A1-Bescheinigung kann Rückwirkung entfalten

Ferner stellt der EuGH fest, dass eine A1-Bescheinigung Rückwirkung entfalten könne, auch wenn zum Zeitpunkt ihrer Ausstellung der zuständige Träger des Mitgliedstaats, in dem die Tätigkeit ausgeübt werde (Österreich), bereits entschieden habe, dass der betreffende Arbeitnehmer der Pflichtversicherung dieses Mitgliedstaats unterliegt.

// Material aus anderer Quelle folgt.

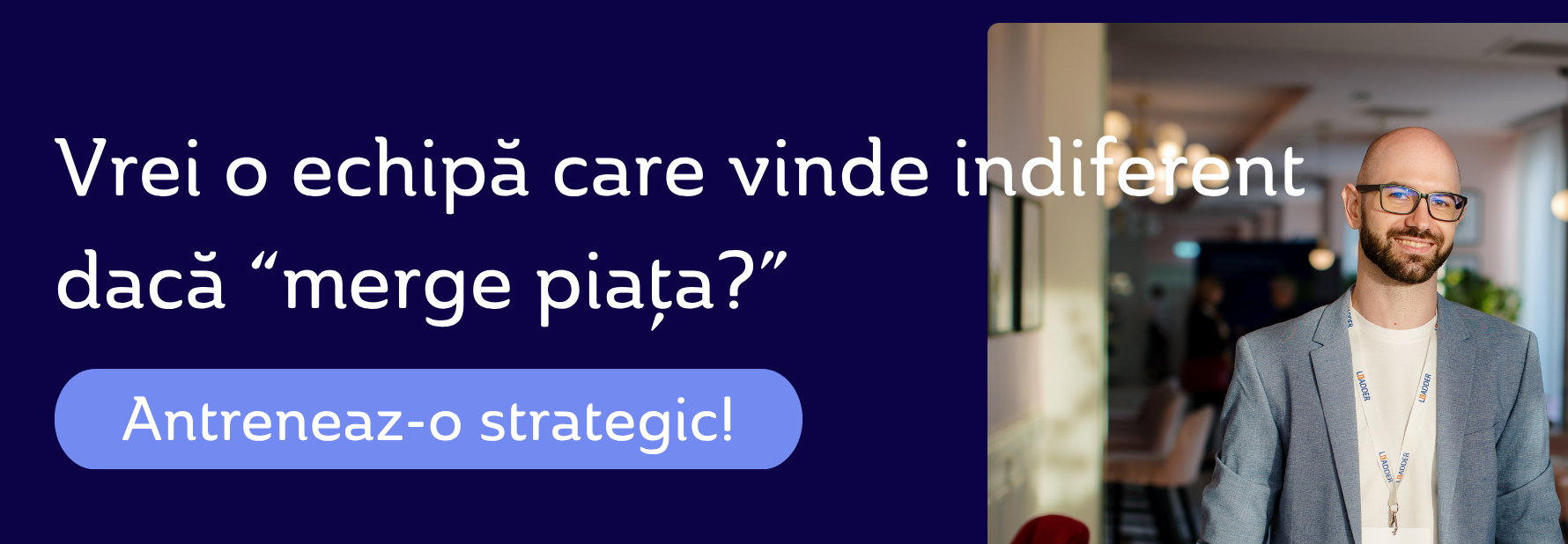Treci de la vânzare la parteneriat strategic. Înveţi să câștigi un loc la masa deciziilor clientului, să afli adevăratele lui nevoi de business și să simplifici procesul de cumpărare.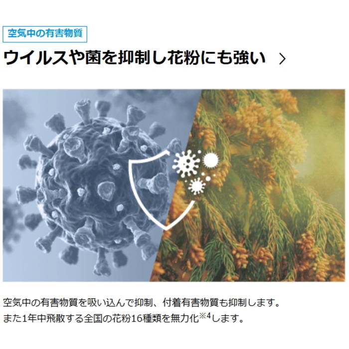 フィルター除去・抑制: ダニのフン・死骸/カビ/細菌/花粉/繊維のクズ/ペットの毛/タバコ臭/カビ臭/料理臭/生ゴミ臭/ペット臭/体臭

Grundsätzlich Sozialversicherungssystem am Arbeitsort maßgeblich

Darüber hinaus kommt der EuGH zu dem Ergebnis, dass ein entsandter Arbeitnehmer, der einen von einem anderen Arbeitgeber entsandten Arbeitnehmer ablöst, nicht weiterhin den Rechtsvorschriften des Mitgliedstaats unterliegen könne, in dem sein Arbeitgeber gewöhnlich tätig sei. Denn in der Regel unterliege ein Arbeitnehmer dem System der sozialen Sicherheit des Mitgliedstaats, in dem er arbeite, um insbesondere die Gleichbehandlung aller im Hoheitsgebiet eines Mitgliedstaats erwerbstätigen Personen am besten zu gewährleisten.

Keine Ausnahme bei ablösenden Entsendearbeitnehmern

Nur unter bestimmten Umständen habe der Unionsgesetzgeber die Möglichkeit vorgesehen, dass ein entsandter Arbeitnehmer weiterhin dem System der sozialen Sicherheit des Mitgliedstaats unterliegt, in dem sein Arbeitgeber gewöhnlich tätig sei. Ausgeschlossen habe der Verordnungsgeber diese Möglichkeit, wenn der entsandte Arbeitnehmer eine andere Person ablöst. Ein solcher Fall liege vor, wenn ein von einem Arbeitgeber zur Ausführung einer Arbeit in einen anderen Mitgliedstaat entsandter Arbeitnehmer dort einen anderen, von einem anderen Arbeitgeber entsandten Arbeitnehmer ablöst. Dabei spiele es keine Rolle, ob die Arbeitgeber der beiden betreffenden Arbeitnehmer ihren Sitz im selben Mitgliedstaat haben oder ob zwischen ihnen personelle oder organisatorische Verflechtungen bestehen.

EuGH, Urteil vom 06.09.2018 - C-527/16

Redaktion beck-aktuell, 6. September 2018.